**What the exercise asks**. When the listing below reaches the line that has "在电商平台上,富士相机成为炙", start reproducing exactly; stop after the line that has "七五三・卒業式に◆大きくて可", and drop the pictures.

**Materials provided**.
= = = =

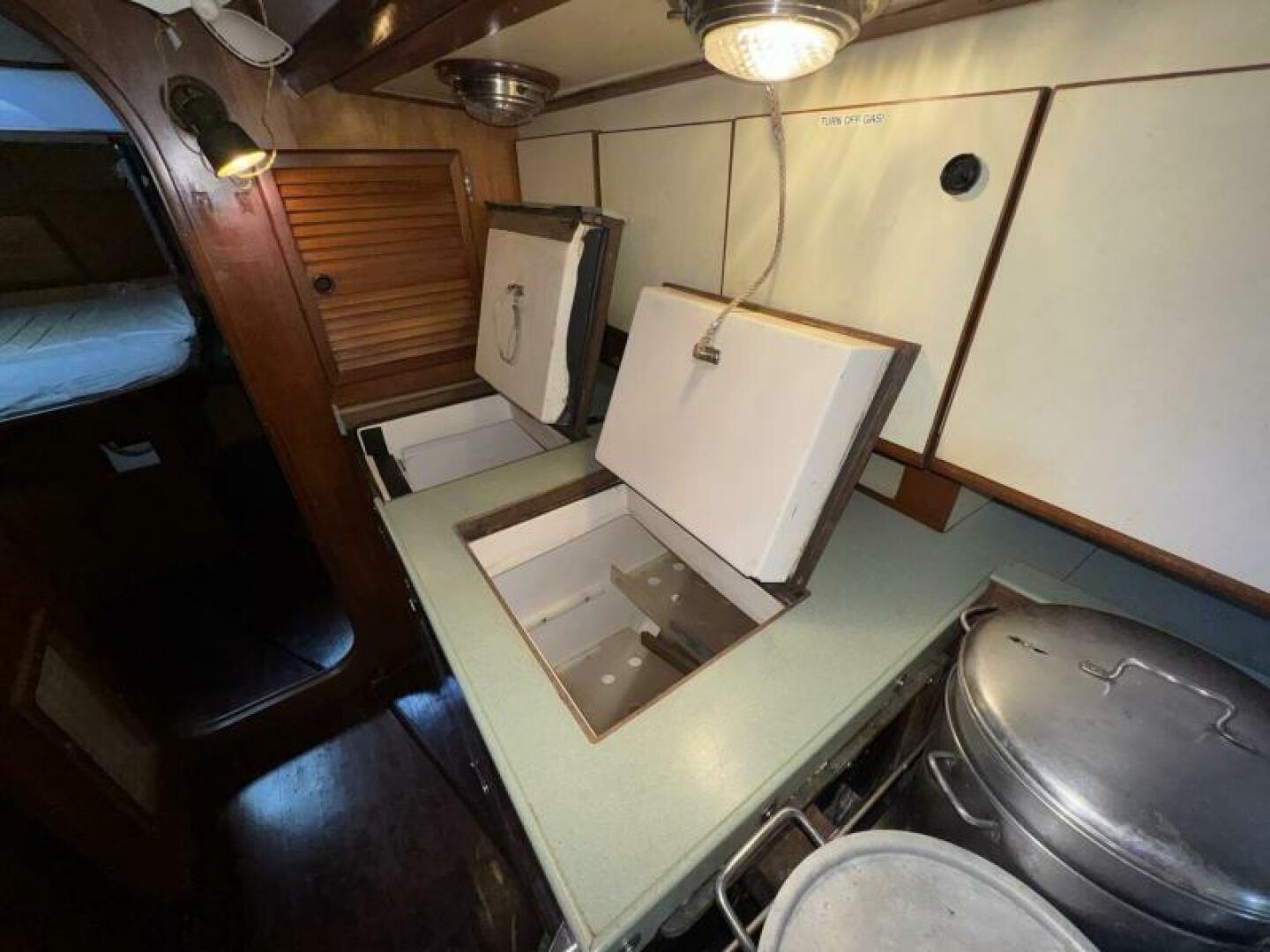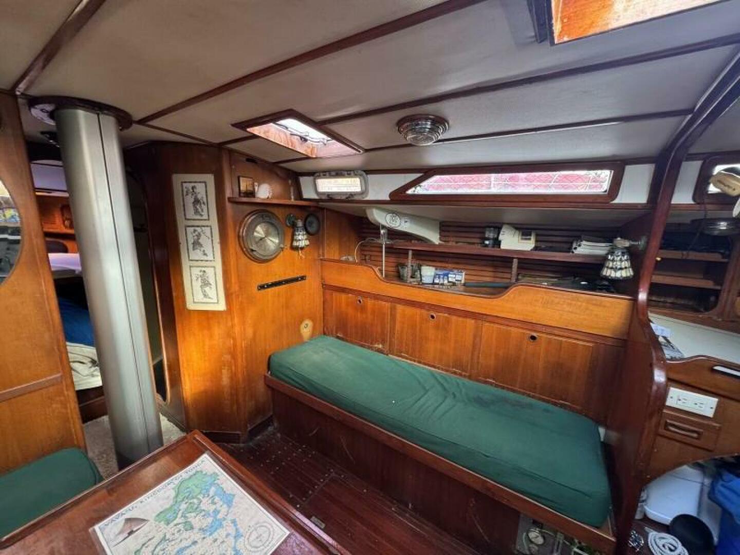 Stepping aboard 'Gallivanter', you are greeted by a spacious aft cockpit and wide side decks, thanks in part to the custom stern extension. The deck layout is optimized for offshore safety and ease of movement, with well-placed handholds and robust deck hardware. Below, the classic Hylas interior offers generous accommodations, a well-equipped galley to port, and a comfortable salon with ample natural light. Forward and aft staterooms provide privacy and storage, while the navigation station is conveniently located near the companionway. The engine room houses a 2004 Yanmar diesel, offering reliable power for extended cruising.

= = = =

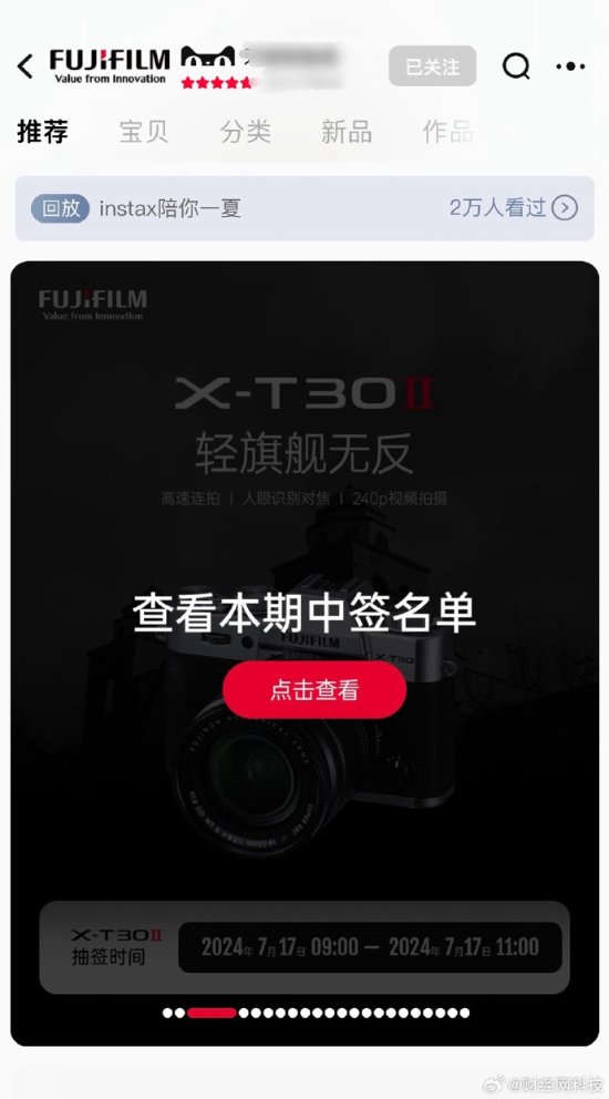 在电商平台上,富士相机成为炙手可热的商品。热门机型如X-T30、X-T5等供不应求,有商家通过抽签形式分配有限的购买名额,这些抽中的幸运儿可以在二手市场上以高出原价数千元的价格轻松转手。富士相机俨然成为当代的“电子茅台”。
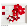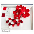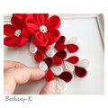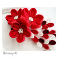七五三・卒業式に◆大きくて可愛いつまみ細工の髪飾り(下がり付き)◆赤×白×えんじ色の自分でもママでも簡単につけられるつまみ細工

= = = =

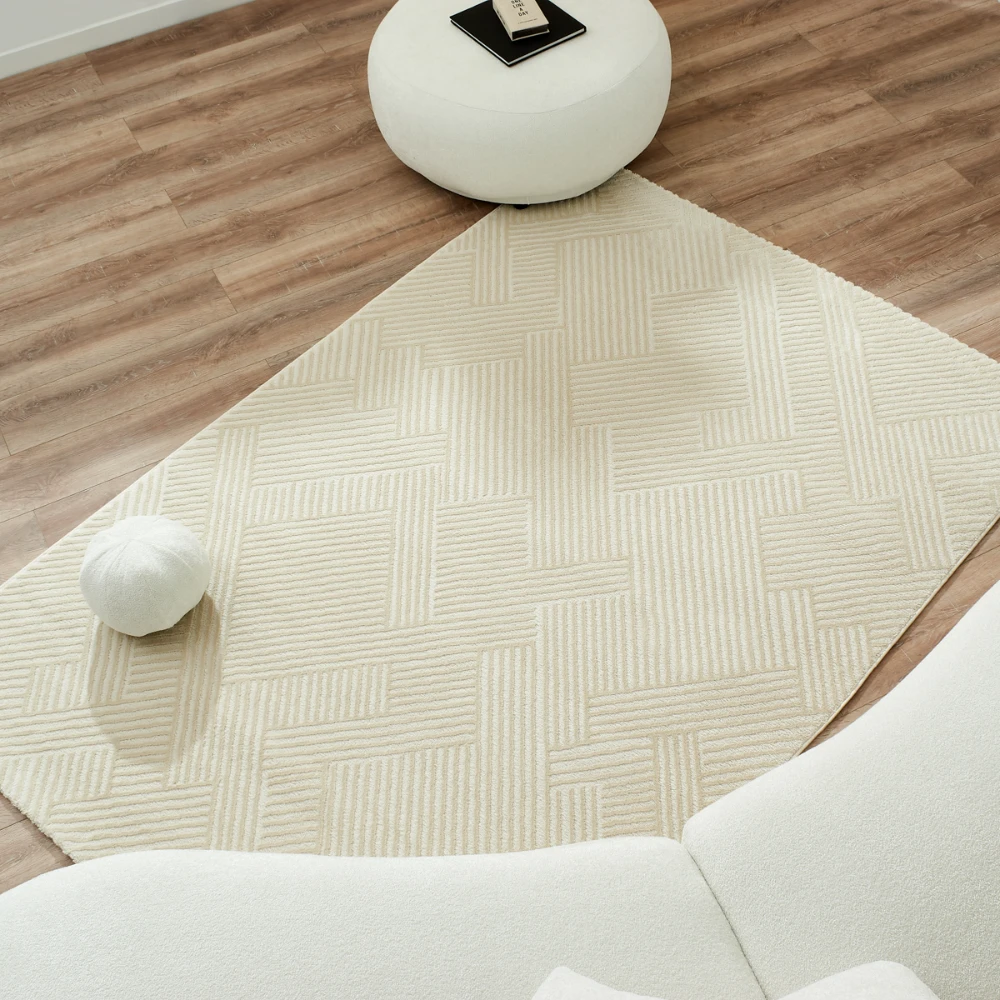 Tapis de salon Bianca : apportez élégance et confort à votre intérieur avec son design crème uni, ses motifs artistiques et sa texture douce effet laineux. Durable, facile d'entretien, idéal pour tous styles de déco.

= = = =

**Finished exercise**.
 在电商平台上,富士相机成为炙手可热的商品。热门机型如X-T30、X-T5等供不应求,有商家通过抽签形式分配有限的购买名额,这些抽中的幸运儿可以在二手市场上以高出原价数千元的价格轻松转手。富士相机俨然成为当代的“电子茅台”。
七五三・卒業式に◆大きくて可愛いつまみ細工の髪飾り(下がり付き)◆赤×白×えんじ色の自分でもママでも簡単につけられるつまみ細工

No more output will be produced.